System and method for inter-module communication
Abstract
Devices and methods are disclosed for utilizing a module running in an operating system to enable communication with decreased latency between a source of input event data and one or more user application processes awaiting input events in a computing device. The module receives a notification that a frame of input event data from a source of input event data is ready to be read. In response, the module reads the frame of input event data from a communication channel such as a named pipe, loads the frame of input event data into a buffer, or into a memory of a dedicated processing unit, and generates a notification to the user application process, thereby causing the user application process to read the frame of input event data from the buffer.
Claims
exact text as granted — not AI-modified1 . A frame-based method for utilizing a module running in an operating system to enable communication with decreased latency between a source of input event data and one or more user application processes awaiting input events in a computing device, comprising:
registering a user application process awaiting input events with the module running in the operating system, thereby identifying the user application process as a target for notification from the module; receiving, in the module, a notification that a frame of input event data from a source of input event data is ready to be read; using the module to read the frame of input event data from a communication channel; using the module to load the frame of input event data into a buffer; and, generating, in the module, a notification to the user application process, thereby causing the user application process to read the frame of input event data from the buffer.
2 . The method of claim 1 , wherein the source of input event data comprises a sensor driver.
3 . The method of claim 1 , wherein the source of input event data comprises an internal generator.
4 . The method of claim 1 , wherein the user application process sends at least a portion of the frame of input event data to a dedicated processing unit for processing.
5 . The method of claim 4 , wherein the dedicated processing unit comprises a graphics processing unit.
6 . The method of claim 1 , wherein the module running in the operating system is a module running in a userland portion of the operating system.
7 . The method of claim 1 , wherein the module running in the operating system is a module running in a kernel portion of the operating system.
8 . The method of claim 1 , wherein the step of using the module to load the frame of input event data into the buffer comprises storing the frame of input event data in a ram-based file at a known location.
9 . The method of claim 1 , wherein the step of using the module to load the frame of input event data into the buffer comprises storing the frame of input event data as part of a data structure comprising a header and a body.

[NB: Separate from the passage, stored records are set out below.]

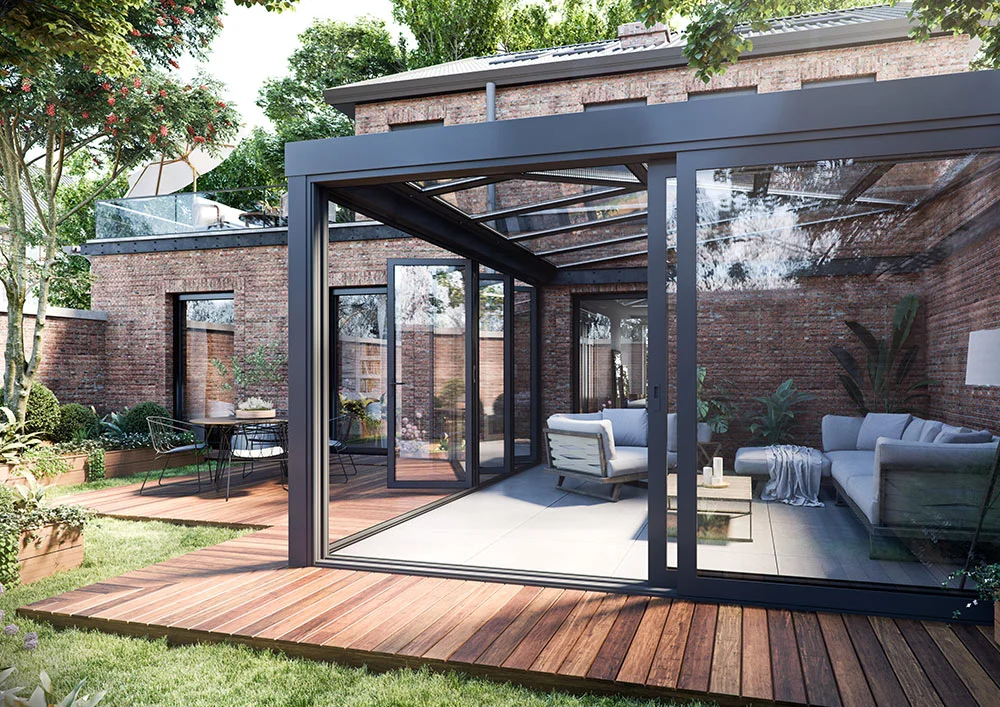 Sunrooms are increasingly popular as multi-use spaces — a spot for relaxing, working, or spending time with family, no matter the weather. Folding glass patio doors make these rooms feel open and breathable, removing the visual and physical barriers between inside and out. On warm days, you can open the entire wall. On cooler days, you still enjoy the view and natural light. And with high thermal insulation, you won’t have to worry about drafts or temperature swings.
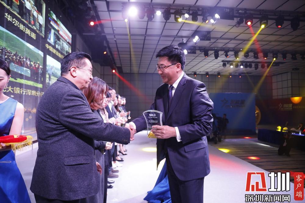 深圳報(bào)業(yè)集團(tuán)社長助理、深新傳媒董事長吉書龍為榮獲“年度公益先鋒力量”的單位代表頒獎(jiǎng)。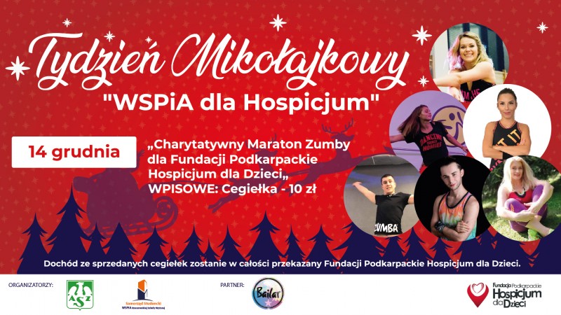 Sobotni Charytatywny Maraton Zumby to ostatni element całego Tygodnia Mikołajkowego WSPiA dla Hospicjum. W ramach wydarzenia Samorząd Studenci oraz Klub Uczelniany AZS zorganizował Charytatywny turniej FIFA, który odbył się w niedzielę 8 grudnia 2019 r. W najbliższy czwartek zorganizowane zostaną także Mikołajki w WSPiA, przez cały dzień studenci będą mogli wziąć udział w Turnieju Futsalu, Ping-Ponga i gry w Piłkarzyki oraz skorzystać z porad specjalistów w Studiu Wizażu. Mikołajki dla studentów WSPiA Rzeszowskiej Szkoły Wyższej odbędą się 12 grudnia 2019 r. w godzinach od 9:00 do 14:00 (więcej znajdziesz tutaj).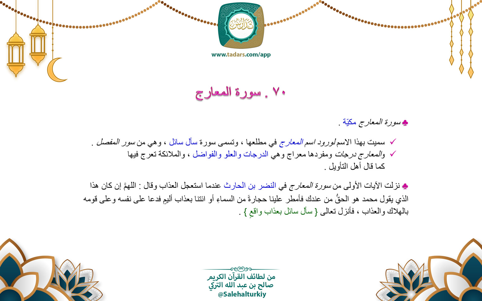 • سميت بهذا الاسم لورود اسم المعارج في مطلعها ، وتسمى سورة سأل سائل ، وهي من سور المفصل .

10 . The method of claim 9 , wherein the body comprises an X position of an input event, a Y position of the input event, and a unique identifier identifying the input event with which the input event data is associated.
11 . The method of claim 9 , wherein the body comprises at least one data type selected from the group consisting of: touch size, absolute vs. relative positioning, touch path velocity, touch path curvature, pressure, shape of touch, size of touch, rotation of touch, source of touch, and azimuth of touch.
12 . The method of claim 9 , wherein the header comprises a timestamp.
13 . The method of claim 9 , wherein the header comprises a field indicating a length of the body in bytes.
14 . The method of claim 13 , wherein the application process reads the frame of input event data from the buffer by:
reading the header; extracting from the header the length of the body in bytes; and, reading the frame of input event data based on the extracted length of the body.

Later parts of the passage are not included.